I have been thinking which is the best way to make an animation in terms of chemistry of the audio and the visuals. I mean, do you make the animation around the sound or the other way around? For example old Disney cartoons where they used orchestra and such, first recorded the audio and then made their animations around that..
|Nov 20 2012, 1:54pm Anchor|
I think it depends on the preference of the studio/team/person making it, but I think it's usually audio then visual. I remember watching a short about the production for Road to El Dorado and the talked about how they recorded the dialog and THEN drew out the scenes, because it's a lot easier to match a drawing to person than it is a person to a drawing (or another person; think of dubbing).

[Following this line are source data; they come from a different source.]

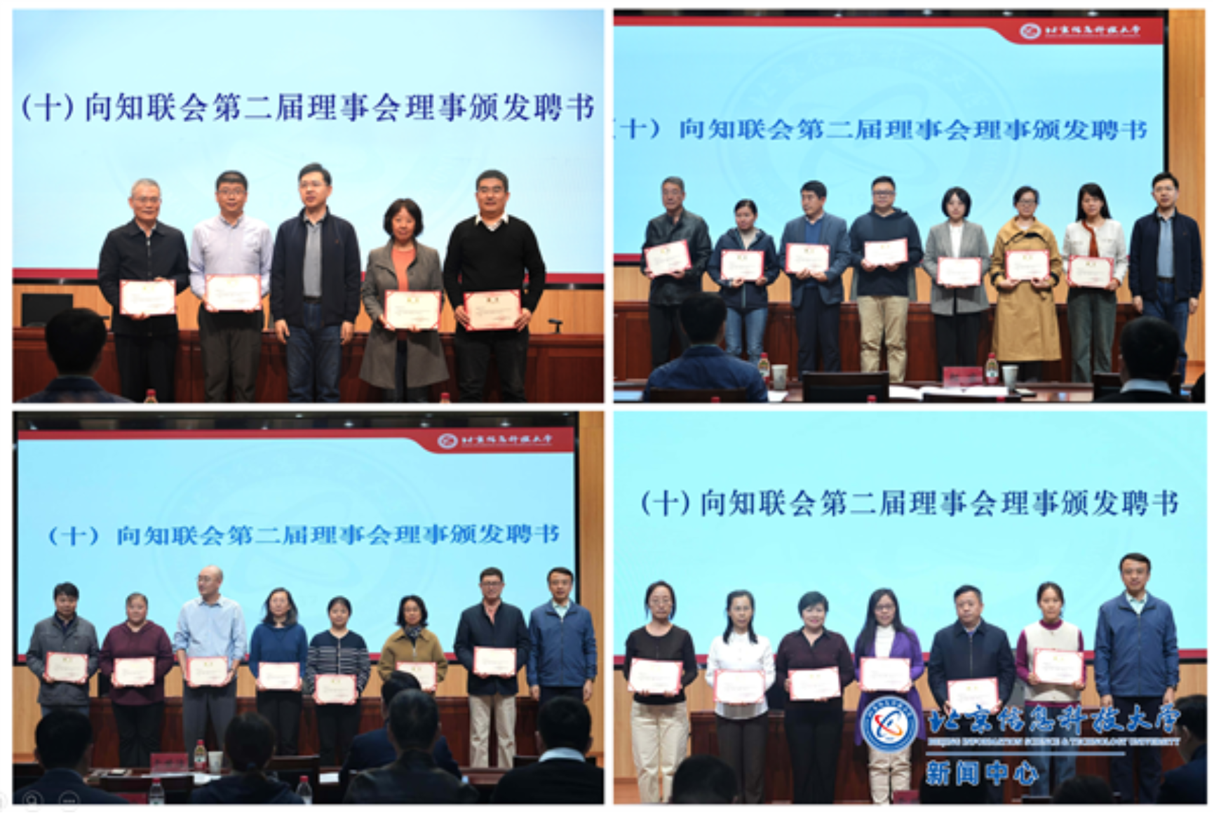 相京、于世洁分别向新当选的知联会第二届理事会会长、常务副会长、副会长、秘书长及理事颁发聘书。
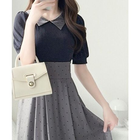 ボディー上部は肌触りの良いマルチリブ、襟とスカートはシアーなドットプリント生地
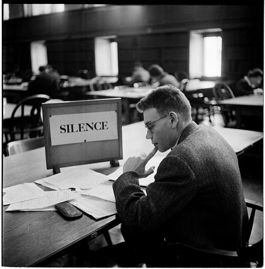 Columbia University [Student in the library.]
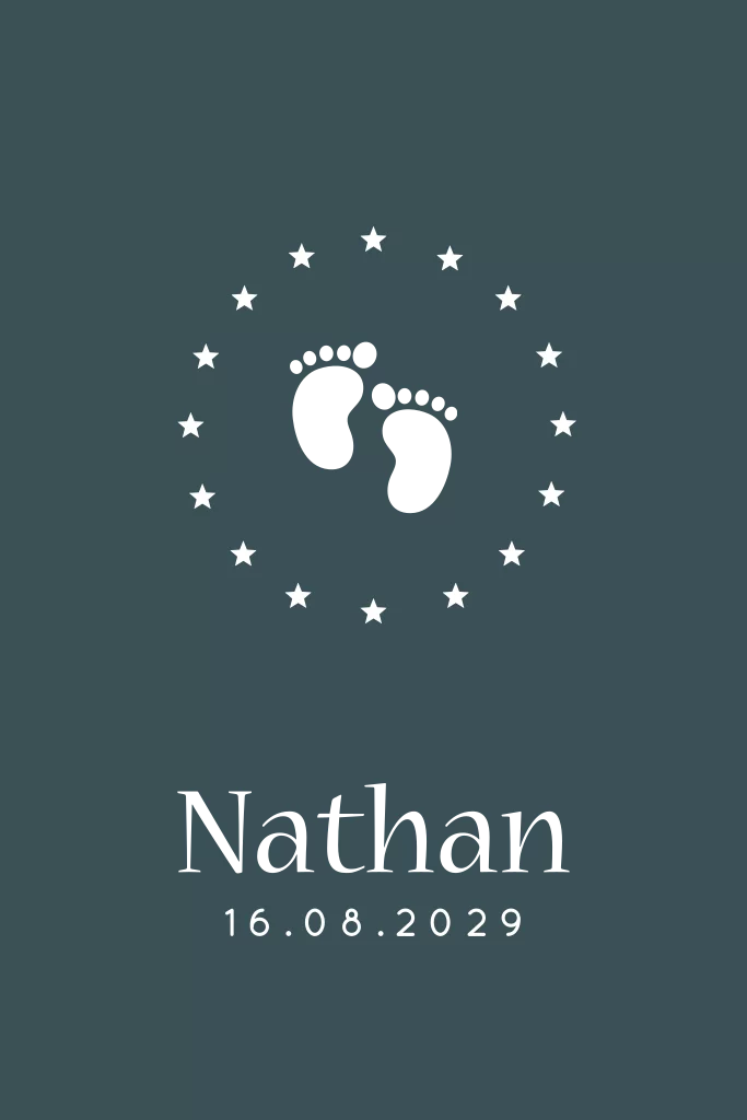 Een geboortekaartje met een stijlvol en liefdevol ontwerp. Met de naam en voetjes in foliedruk en een groen/blauwe achtergrond straalt dit kaartje luxe uit. De sterretjes geven het geboortekaartje een speelse en lieve uitstraling, perfect voor de aankondiging van jullie zoontje.

Music is probably last, since that's usually influenced by what's on screen any way.
No expert though, so a grain or two of salt might be advisable.
I snark, therefore, I am.
|Nov 20 2012, 1:55pm Anchor|
If it's just an animation preview or shortfilm like you explain, I'd probably rough out the screen play first with a story board etc, think about the flow, actions in each scene and what type of animation I'll be using and what type of feeling you're going for overall.
Once you've got this, and figured out roughly how long each scene and how long the short film is going to be, then start looking at sounds for mood and atmosphere etc. If it's timed by music, then I'd say get the music done first, based around your story boards etc and planned sequences that will occur. Talk about the types of things in the scene, and really go by your storyboards.

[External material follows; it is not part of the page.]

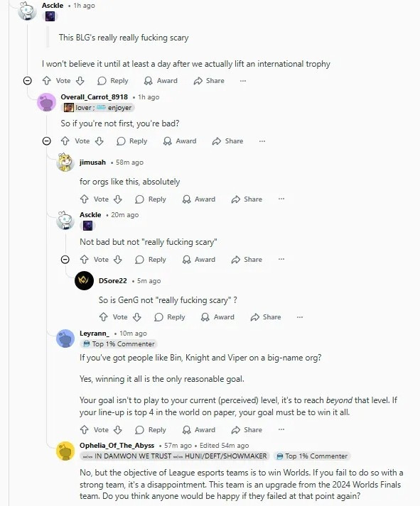 不,但是英雄联盟电竞队伍的目标是赢得世界赛。如果你用一支强大的队伍未能做到这一点,那就是令人失望的。这支队伍是2024年世界赛决赛队伍的升级版。你认为如果他们再次失败,会有人高兴吗?
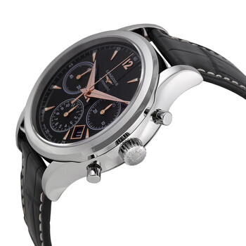 Stainless steel case with a black leather strap with contrast stiching. Fixed stainless steel bezel. Black dial with rose gold-tone hands and index hour markers. Arabic numerals mark the 12 o'clock position. Minute markers around the outer rim. Date display between the 4 and 5 o'clock positions. Chronograph - three sub-dials displaying: 60 seconds, 30 minutes and 12 hours. Automatic movement with a 54-hour power reserve. Scratch resistant sapphire crystal. Screw down crown. Skeleton case back. Case diameter: 41 mm. Case thickness: 14.4 mm. Tang clasp. Water resistant at 30 meters / 100 feet. Longines Flagship Heritage Chronograph Men's Watch 27504560.

Once you've got the music feeling right and timed correctly etc, then start animating and developing your shots around that scene by scene to fit in with the music. If the animation runs longer than expected or you think of new different ways (better ways) of portraying something, then it's not too much work to go in and change the music to suit the new scene.
Basically, for this type of work, I personally find fitting animation around the music better. It gets you more immersed and really enhances the emotions and so on when developing and helps develop better ideas. Having music there can change your perceptions on something and really help develop a piece that fits perfectly to the music to enhance it.
If it's a much bigger task and you have a lot to of animation to do, like for a game or a bigger sequence etc, then obviously, the music comes afterwards to fit around the potential action and on screen events.
Just my two cents. Some people might work differently.
|Nov 20 2012, 3:48pm Anchor|
everything in audio EXCEPT voices is done after.
Cryrid 3D Artist
|Nov 21 2012, 11:34am Anchor|
Quote:I studied music and sound design and I never heard of any movie or video in general where the audio was done first. it's usually the very last step in any production
I think usually, at least with animation, the audio comes first. Otherwise it would be extremely hard for the animators to try and get the right lip shapes at the right times, and it allows them to capture some of the actor's performance and characteristics into the character they're animating (like how you can see Robin Williams in the Genie, Rowan Atkinson in Zazu, Robby Benson in the Beast, Danny DeVito in Philoctetes, etc).
Afterwards they can bring the actors back for ADR and add in any sound effects / foley that they need, but the initial performance is still key.
Edited by: Cryrid
|Nov 21 2012, 12:05pm Anchor|
Depends on what you want to do and what you have the ability to do. Sound is more critical then visuals and normally both are gone over several times.
I've done both: when I did some videos I have on here I did the video first, then I did the audio. When I did a game trailer I had the music and had to match that.
Many times something will be shot with the idea of what the music should be like in mind, then the music is composed specifically for that shot. Aliens comes to mind: classical was used in many parts, then after the movie was in the final stages the score was composed.
Basically, digital has changed how everything works: no longer do you need so be stuck with something you've spend years on because it can be done in hours.